# PROBLEM TO SOLVE:
An exact copy of every record below is needed, with all pictures removed.

# PROVIDED RECORDS:
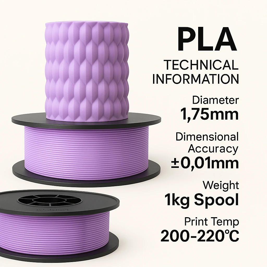 Yüksek kalite, kolay baskı ve üstün uyumluluk sunan bitkisel kaynaklı PLA+ filament. ±0,03 mm çap toleransı ile sorunsuz ektrüzyon; 190-220 °C nozul sıcaklığında çalışır. Amatör ya da profesyonel FDM 3D yazıcılarda fonksiyonel parçalar, prototipler ya da dekoratif modeller için ideal, çok canlı renk ve çeşitliliğine sahip bir filamentdir.
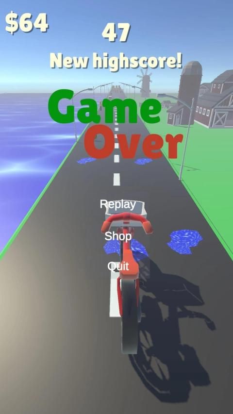 Collect as many coins on the way to school on your bike. Your speed slowly increases as will your points. Don't collide or you will be game over!
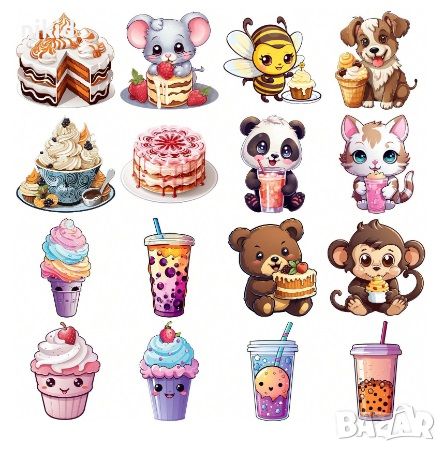 55 бр Десерти лакомства напитки със животни самозалепващи лепенки стикери за украса картонена торта → Обява 46563401
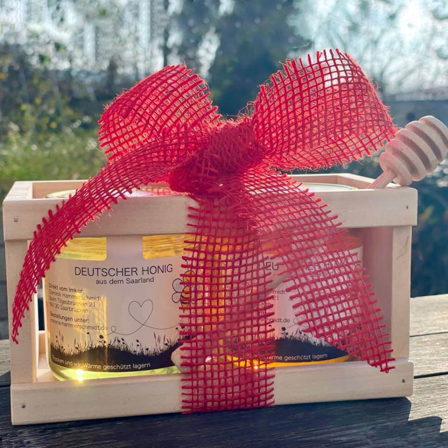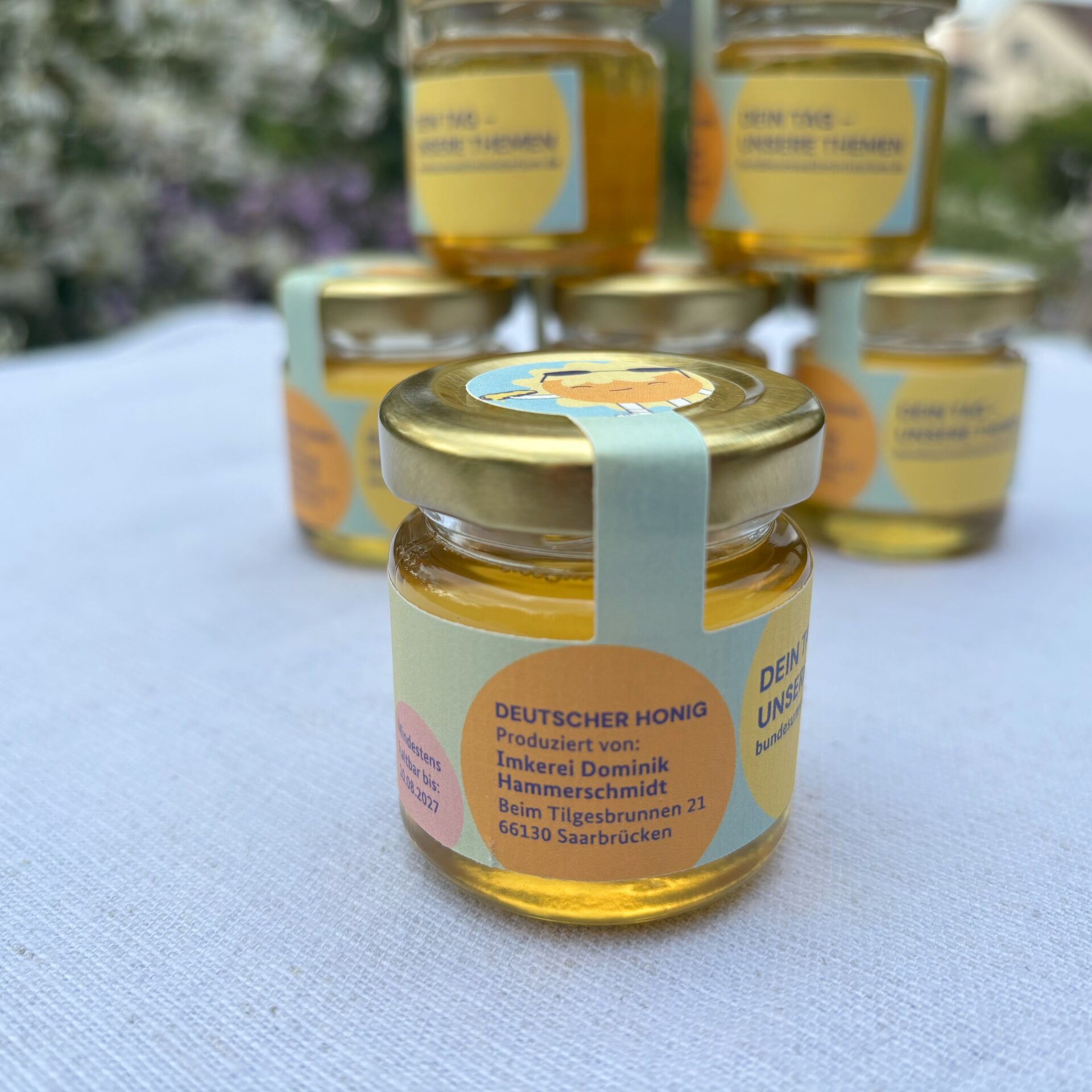 Unsere personalisierten Honiggläser sind mehr als nur ein kleines Geschenk – sie sind ein hochwertiges, nachhaltiges Werbemittel mit emotionaler Wirkung. Ob als stilvolles Give-away auf Messen und Tagungen oder als Dankeschön für treue Kunden: Mit Honig aus eigener Imkerei setzen Sie auf Qualität, Regionalität und Wertschätzung.
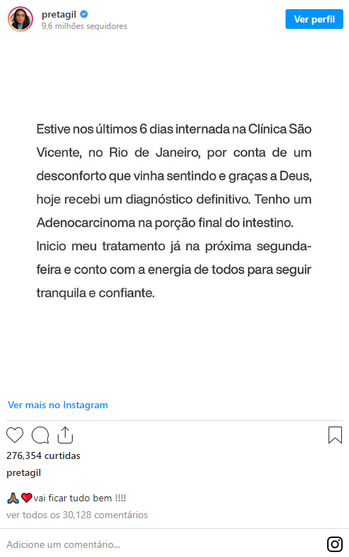 “Estive nos últimos 6 dias internada na Clínica São Vicente, no Rio de Janeiro, por conta de um desconforto que vinha sentindo e graças a Deus, hoje recebi um diagnóstico definitivo. Tenho um Adenocarcinoma na porção final do intestino”, contou.
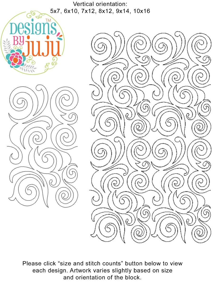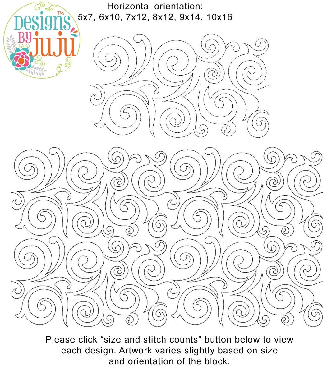 Each one of our End-to-End Quilting™ embroidery designs is an originally created design available in a large variety of block sizes. Every block is one continuous single-run line running edge to edge beginning on the left and exiting on the right. There is NO backtracking or double stitching. Each size block has been engineered and manually digitized by our team for EXACT edge-to-edge quilting precision so that when they are aligned properly in your hoop, you cannot tell where one block ends and the next one begins! ADDITIONALLY, the art has been created for each size so that when the rows are stacked on top of each other, it provides a practically seamless, professional, allover quilting effect that mimics (E2E) pantographs so you can do edge-to-edge quilting on your embroidery machine!

# TASK SOLUTION:
 Yüksek kalite, kolay baskı ve üstün uyumluluk sunan bitkisel kaynaklı PLA+ filament. ±0,03 mm çap toleransı ile sorunsuz ektrüzyon; 190-220 °C nozul sıcaklığında çalışır. Amatör ya da profesyonel FDM 3D yazıcılarda fonksiyonel parçalar, prototipler ya da dekoratif modeller için ideal, çok canlı renk ve çeşitliliğine sahip bir filamentdir.
 Collect as many coins on the way to school on your bike. Your speed slowly increases as will your points. Don't collide or you will be game over!
 55 бр Десерти лакомства напитки със животни самозалепващи лепенки стикери за украса картонена торта → Обява 46563401
 Unsere personalisierten Honiggläser sind mehr als nur ein kleines Geschenk – sie sind ein hochwertiges, nachhaltiges Werbemittel mit emotionaler Wirkung. Ob als stilvolles Give-away auf Messen und Tagungen oder als Dankeschön für treue Kunden: Mit Honig aus eigener Imkerei setzen Sie auf Qualität, Regionalität und Wertschätzung.
 “Estive nos últimos 6 dias internada na Clínica São Vicente, no Rio de Janeiro, por conta de um desconforto que vinha sentindo e graças a Deus, hoje recebi um diagnóstico definitivo. Tenho um Adenocarcinoma na porção final do intestino”, contou.
 Each one of our End-to-End Quilting™ embroidery designs is an originally created design available in a large variety of block sizes. Every block is one continuous single-run line running edge to edge beginning on the left and exiting on the right. There is NO backtracking or double stitching. Each size block has been engineered and manually digitized by our team for EXACT edge-to-edge quilting precision so that when they are aligned properly in your hoop, you cannot tell where one block ends and the next one begins! ADDITIONALLY, the art has been created for each size so that when the rows are stacked on top of each other, it provides a practically seamless, professional, allover quilting effect that mimics (E2E) pantographs so you can do edge-to-edge quilting on your embroidery machine!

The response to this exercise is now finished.